TensorFlow.js and Transformers.js Security Issues in JavaScript and TypeScript Applications
This series shows how vulnerabilities propagate through the stack and provides a framework for defending AI applications in production.
Introduction
TensorFlow.js and Transformers.js allow developers to run machine learning models directly in JavaScript and TypeScript environments. They are widely adopted for preprocessing, inference, and integrating AI into web and Node.js applications. Their ease of use conceals significant application security issues.

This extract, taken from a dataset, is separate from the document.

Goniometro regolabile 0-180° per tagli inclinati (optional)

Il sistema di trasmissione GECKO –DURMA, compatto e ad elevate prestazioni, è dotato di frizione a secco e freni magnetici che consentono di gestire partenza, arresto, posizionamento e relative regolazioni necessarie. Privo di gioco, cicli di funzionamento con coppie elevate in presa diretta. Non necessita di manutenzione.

Untrusted Model Execution in TensorFlow.js
TensorFlow.js enables execution of models in the browser or Node.js. Many projects download pre-trained models directly from unverified sources. This creates a clear supply chain vulnerability. In 2021, security researchers demonstrated that a poisoned model could contain malicious layers that triggered JavaScript execution in the client runtime. A developer who imported such a model from an untrusted repository unknowingly gave attackers arbitrary code execution inside end-user browsers.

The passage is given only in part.